What I definitely did not do was look to make Gemini Advanced fail. I figured correctly that plenty of others would work on that. I was looking for how it could be useful, not how it could be shown to not be useful. And I was focused on mundane utility, nothing theoretical.

So I totally buy that both:

When Google tested Gemini Advanced head-to-head against GPT-4, in terms of user preference going query by query, Gemini won. And that it aced the MMLU.
When you run a series of wide-spanning robust tests, Gemini loses to GPT-4.

Here is a 20 minute video of AI Explained testing Gemini Ultra. He took the second approach, and found it wanting in many ways, but says wisely to test it out on your own workflow, and not to rely on benchmarks.

There is no incompatibility here.

The logical errors he finds are still rather embarrassing. For example, at (3:50), I own three cars today, sold two cars last year, it says I own one car. Ouch.

Perhaps it turns out the heuristics that cause you to fail at questions like that are actually really good if you are being set up to succeed, and who cares what happens if the user actively sets you up to fail?

As in, the logical failure here is that Gemini has learned that people mention information because it matters, and in practice this shortcut is less stupid than it looks.
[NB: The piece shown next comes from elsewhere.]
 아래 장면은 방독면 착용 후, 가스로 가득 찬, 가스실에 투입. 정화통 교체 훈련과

It still looks pretty dumb.

Whereas when he sets it up to succeed at (5:25) by offering step-by-step instructions on what to do, Gemini Advanced gets it right reliably, ChatGPT is only 50/50.
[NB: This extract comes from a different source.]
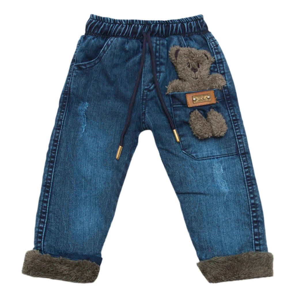 Джинсы утепленные для мальчика Модель 23002 Мишка Хаки

In practice, I would much rather reliably get the right answer when I am trying to get the right answer and am putting in the work, rather than getting the right answer when I am trying to trick the bot into getting it wrong.

Everyone has a different test. Here are some reactions:

George Ortega: my litmus test for LLMs is whether they get the free will question right. when they side with Newton Darwin Einstein and Freud that Free Will is an illusion I’m impressed. when they don’t I conclude that the guard rails are too high and that they are relying on popular consensus rather than logic and reasoning for the responses.

Deranged Sloth: I believe, based on your standards, Gemini is the winner [here is GPT 4.0]

Robert Kennedy: I have a battery of informal tests, and it has done well! One of the tests it obviously outperforms gpt-4 on is “how does chess change if you remove the concept of checking (but keep ‘you can’t castle through check’), and require capturing the king”. Lbh pna’g fgnyrzngr

It doesn’t do amazing at this test, but it took only one prod towards “stop saying the game is more aggressive” before it full on generated the answer, although it didn’t focus on it.

Bindu Reddy: Bard is Now Gemini! My initial thoughts

– Still continues to be somewhat nerfed and refuses to answer questions

– Refused to generate a simple illustration of George Clooney, ChatGPT is better

– missing PDF upload

– Answers do seem better than the previous version

– Seems to have a “reasoning vibe”

– However, it does NOT answer some hard questions that GPT-4 does.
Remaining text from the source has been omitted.